**Directions**
In the entries below, begin at the line that has "Chère cliente, chere", stop after the line that has "Handmade Half Ankle", and output those lines exactly with no pictures.

=-=-=

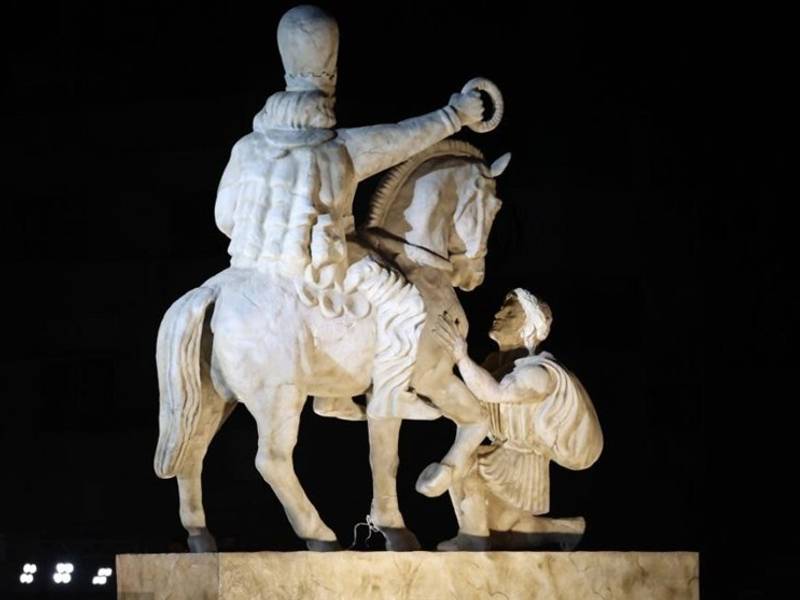 نمونه آشکار این تغییر سیاست، نصب مجسمه شاپور ساسانی در میدان انقلاب تهران است؛ در حالی که همین حکومت روزگاری حتی به فکر حذف مجسمه فردوسی از میدان فردوسی بود.
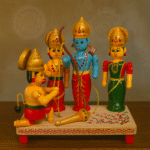 - Features Lord Rama with bow, Sita Mata, Lakshmana, and Hanuman in devotion
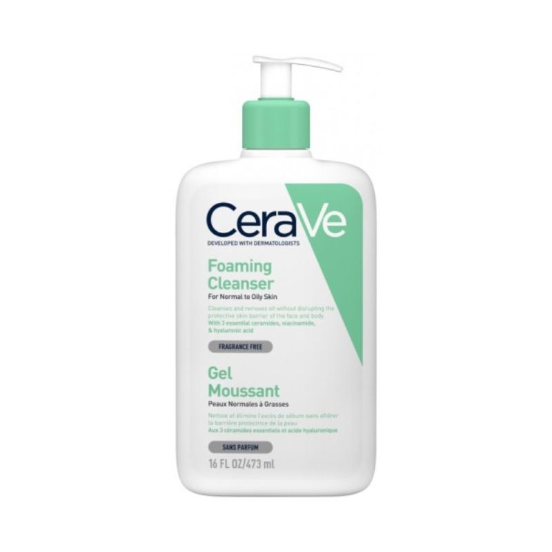 Cerave gel moussant nettoie, purifie et apaise les peaux normales, mixtes et grasses.
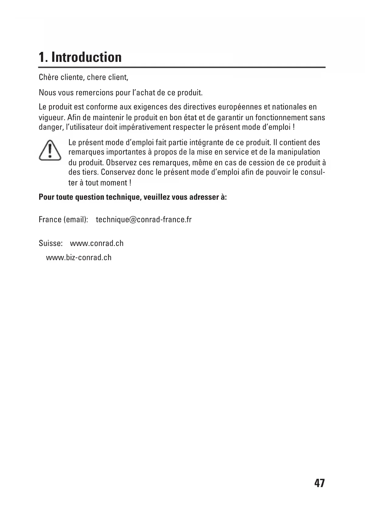 Chère cliente, chere client, Nous vous remercions pour l’achat de ce produit. Leproduitestconformeauxexigencesdesdirectiveseuropéennesetnationalesen vigueur. Afin de maintenir le produit en bon état et de garantir un fonctionnement sans danger, l’utilisateur doit impérativement respecter le présent mode d’emploi ! Le présent mode d’emploi fait partie intégrante de ce produit. Il contient des remarquesimportantesàproposdelamiseenserviceetdelamanipulation duproduit.Observezcesremarques,mêmeencasdecessiondeceproduità des tiers. Conservez donc le présent mode d’emploi afin de pouvoir le consul- teràtoutmoment! Pour toute question technique, veuillez vous adresser à: France(email): technique@conrad-france.fr Suisse: www.conrad.ch www.biz-conrad.ch4848
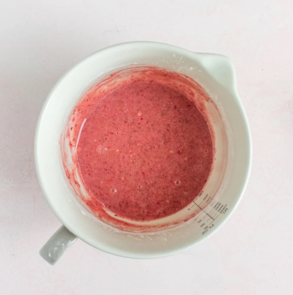 • Se você não tiver um processador de alimentos, coloque os morangos em um saco plástico com fecho hermético para freezer. Use um rolo de massa para bater os morangos até que fiquem em pó e finos, sem pedaços grandes ou utilize seu liquidificador. Despeje os morangos na tigela com a farinha e misture bem.
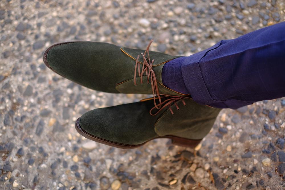 Handmade Half Ankle Olive Green Chukka Lace Up Suede Boot,Men's Dress Boot
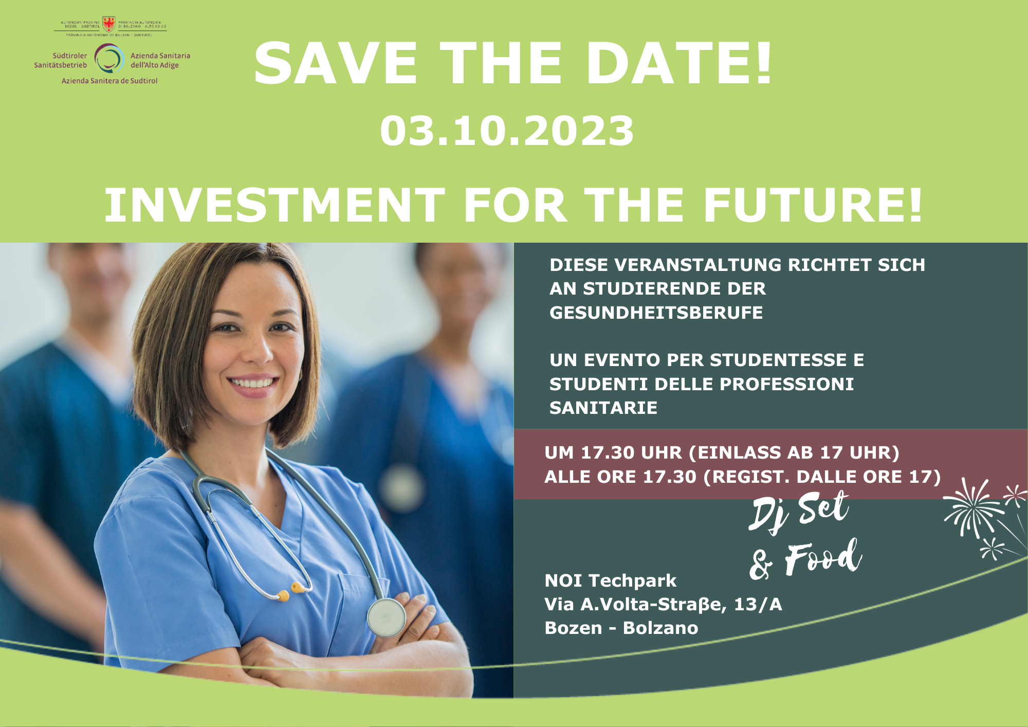 „Wir möchten die Gelegenheit nutzen, uns mit Freude der neuen Generation, die im Gesundheitsbereich arbeiten möchte, zu öffnen. Wir müssen lernen, ihre Bedürfnisse zu erkennen und auf all ihre Fragen zu antworten“, so Marianne Siller, Pflegedirektorin des Südtiroler Sanitätsbetriebes. „Die Veranstaltung ‚Investment for the future‘ ist der richtige Anlass, um uns kennen zu lernen und zu zeigen, dass es im Sanitätsbetrieb unglaublich viele Möglichkeiten gibt, sich beruflich weiterzuentwickeln und Karriere zu machen.“
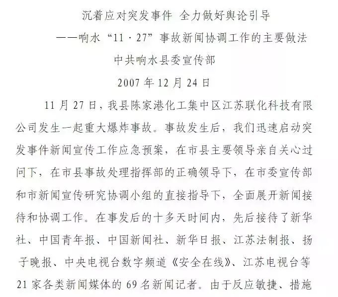 据南都、第一财经等媒体报道,2007年“11·27”事故发生后,以事发地响水当地有关部门的口吻发布的一篇“奇文”——《沉着应对突发事件 全力做好舆论引导——响水“11·27”事故新闻协调工作的主要做法》,引发广泛关注。
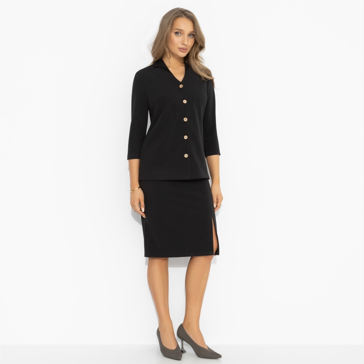 Состав: Трикотаж «оттоман» (65% п/э, 30% вискоза, 5% эластан) Плотность ткани: Средняя Тип ткани: Трикотаж Вид застежки: Пуговица/-ы, молния Высота посадки: Средняя Карманы: Нет Основной цвет ткани: Черный Подклад: Нет Резинка по талии: Нет Рисунок/раппорт: Каждое изделие уникально из-за расположения рисунка на ткани Сезон: Демисезон Силуэт: Приталенный Стиль: Классический Фасон юбки: Прямая Фасон юбки: Прямая Параметры модели на фото:
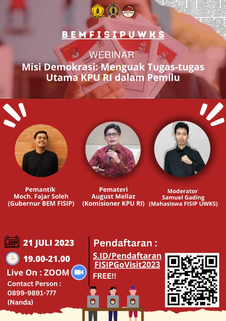 Agenda tersebut merupakan kerja sama BEM FISIP UWKS dengan Komisi Pemilihan Umum Republik Indonesia (KPU RI). Nantinya Anggota KPU RI August Mellaz, akan hadir sebagai narasumber.
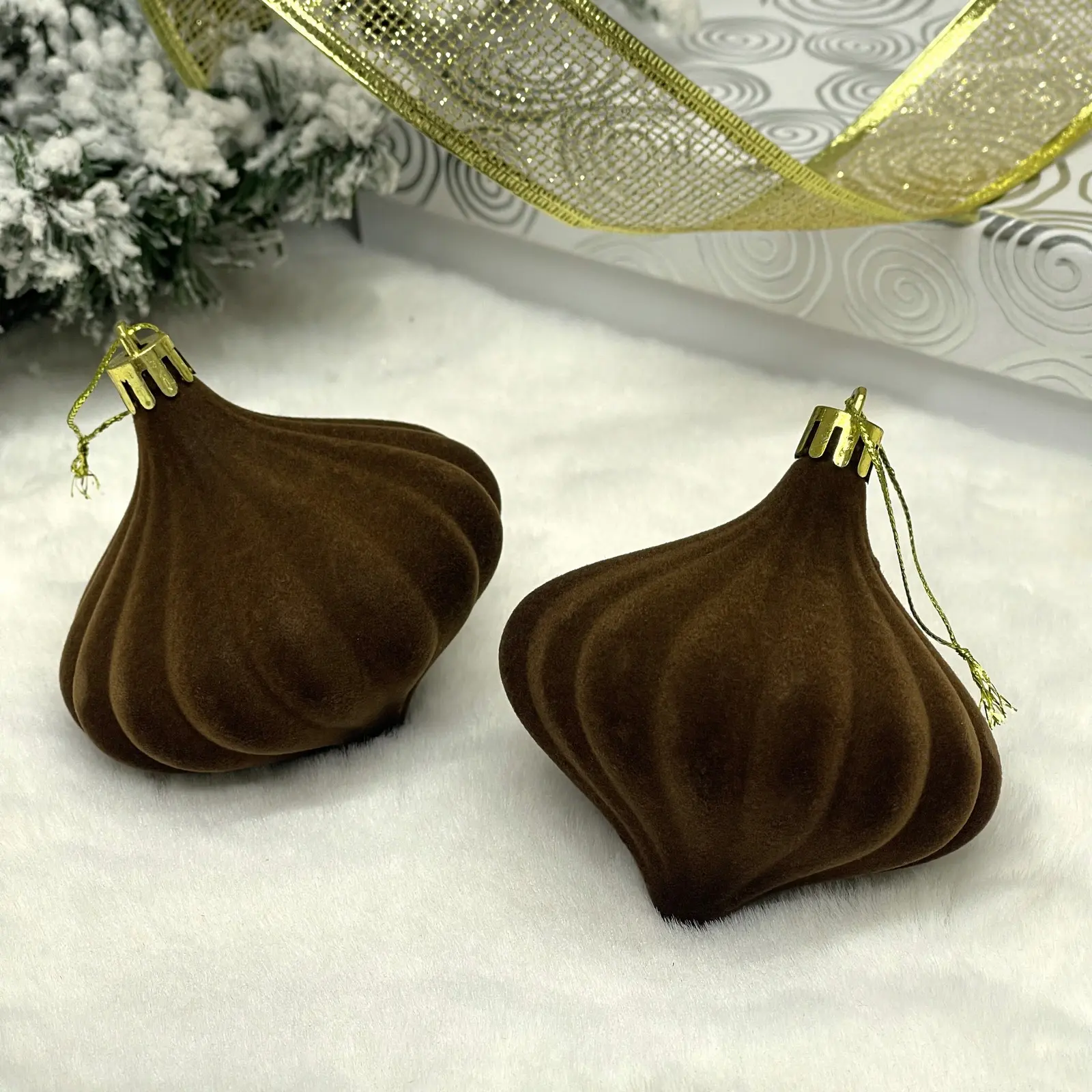 Элегантные ёлочные украшения премиум-класса из коллекции VELOUR придадут вашей новогодней ёлке особый шарм и изысканность. Матовая бархатистая поверхность цвета горького шоколада создает ощущение роскоши и уюта.

=-=-=

**Answer to this task**
 Chère cliente, chere client, Nous vous remercions pour l’achat de ce produit. Leproduitestconformeauxexigencesdesdirectiveseuropéennesetnationalesen vigueur. Afin de maintenir le produit en bon état et de garantir un fonctionnement sans danger, l’utilisateur doit impérativement respecter le présent mode d’emploi ! Le présent mode d’emploi fait partie intégrante de ce produit. Il contient des remarquesimportantesàproposdelamiseenserviceetdelamanipulation duproduit.Observezcesremarques,mêmeencasdecessiondeceproduità des tiers. Conservez donc le présent mode d’emploi afin de pouvoir le consul- teràtoutmoment! Pour toute question technique, veuillez vous adresser à: France(email): technique@conrad-france.fr Suisse: www.conrad.ch www.biz-conrad.ch4848
 • Se você não tiver um processador de alimentos, coloque os morangos em um saco plástico com fecho hermético para freezer. Use um rolo de massa para bater os morangos até que fiquem em pó e finos, sem pedaços grandes ou utilize seu liquidificador. Despeje os morangos na tigela com a farinha e misture bem.
 Handmade Half Ankle Olive Green Chukka Lace Up Suede Boot,Men's Dress Boot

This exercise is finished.